Notwithstanding wide adoption and an arguably very compelling interest of the business, the state of California takes a strong stance against employee non-solicitation agreements and places a very high premium employee mobility and the right to work, and are now potentially unenforceable by law if drafted so broadly that it prevents the employee from practicing in their chosen profession, essentially becoming an impermissible non-competition agreement. Business and Professions Code § 16600 (“BPC”) provides that “every contract by which anyone is restrained from engaging in a lawful profession, trade, or business of any kind is to that extent void.” The general prohibition on the validity and enforceability of nonsolicitation agreements has very few legislative exceptions. 
Despite prior case law allowing certain employee non-solicitation agreements in “narrow” and “reasonable” circumstances, a recent decision by the California Court of Appeal on November 1, 2018 calls into question the validity of any type of employee non-solicitation agreement under any circumstances. This significant legal development is a good reminder for employers to review their employee agreements regularly with counsel. We have drafted this summary of the case and state of the law, as well as some best practices, for employers when making a determination about whether to include or enforce employee non-solicitation agreements in the employment context.

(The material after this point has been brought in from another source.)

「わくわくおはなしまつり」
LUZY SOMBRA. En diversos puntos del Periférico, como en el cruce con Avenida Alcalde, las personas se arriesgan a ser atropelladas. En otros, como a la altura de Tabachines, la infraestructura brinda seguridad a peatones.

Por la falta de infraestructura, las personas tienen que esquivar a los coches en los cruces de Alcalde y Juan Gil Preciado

In AMN Healthcare, Inc. v. Aya Healthcare Services, Inc., 2018 Cal. App. LEXIS 998 (Nov. 1, 2018) (“AMN Healthcare”), the California Court of Appeal, Fourth Appellate District affirmed the trial court’s ruling invalidating AMN’s non-solicitation provision in its Confidentiality and Non-Disclosure Agreements (“CNDA”). Significantly, this decision also prevented AMN from enforcing or attempting to enforce the employee non-solicitation provision in its CNDA with any of its former employees.

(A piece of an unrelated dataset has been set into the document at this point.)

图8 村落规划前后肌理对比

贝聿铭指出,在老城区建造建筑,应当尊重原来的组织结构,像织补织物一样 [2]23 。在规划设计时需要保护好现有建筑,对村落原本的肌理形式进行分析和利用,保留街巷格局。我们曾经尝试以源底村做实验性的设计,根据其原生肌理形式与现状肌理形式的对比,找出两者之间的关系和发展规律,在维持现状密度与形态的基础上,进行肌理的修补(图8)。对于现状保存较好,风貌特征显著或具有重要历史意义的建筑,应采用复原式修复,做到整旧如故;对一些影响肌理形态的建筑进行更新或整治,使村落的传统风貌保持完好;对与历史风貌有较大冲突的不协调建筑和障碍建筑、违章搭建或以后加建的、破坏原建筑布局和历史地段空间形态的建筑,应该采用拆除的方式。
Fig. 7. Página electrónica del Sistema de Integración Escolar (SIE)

The case involved two competing businesses, AMN and Aya. Both companies are in the business of providing nurses to healthcare facilities on a temporary basis. Both companies rely on internal recruiters to locate and place these “traveling nurses” into healthcare facilities for thirteen-week assignments. As a condition of employment, AMN required its nurses to sign a CNDA prohibiting them, for at least one year after their employment, from soliciting any AMN employees to leave AMN. In this case, some recruiters left AMN to work for Aya, where they proceeded to recruit AMN nurses in contravention of the signed CNDA.
AMN sued Aya and the recruiters individually, for breach of the CNDA. AMN also argued that the identity of its employees was confidential information, and a trade secret, which Aya employees improperly used in its recruiting of AMN nurses. As to the breach of contract claim, Aya and the recruiters successfully argued that the employee non-solicitation provision in the CNDA was void under BPC § 16600. The Court, in reaching its decision, reasoned that because the recruiters were in the business of recruiting, any restriction on their ability to conduct those activities would be a restraint on their right to engage in their chosen profession, thus violating BPC § 16600. Following the California Supreme Courts rationale in Edwards v. Arthur Andersen LLP, (2008) 44 Cal.4th 937, the Court of Appeals went on to express doubt as to whether any employee non-solicitation agreement, in any context, would satisfy the requirements of BPC § 16600, despite some prior case law to the contrary. With respect to the trade secret argument, the Court did not find it persuasive, as the identity of employees does not constitute a protectable trade secret.
What you need to know
- In nearly all circumstances, a restrictive covenant limiting an employee’s ability to engage in his or her chosen profession will not pass muster under BPC § 16600.
- A violation of BPC § 16600 may also violate California’s Unfair Practices Act by engaging in unlawful business practices.
- A business should not depend upon employee non-solicitation agreements as a contractual vehicle to prevent the disclosure of trade secrets.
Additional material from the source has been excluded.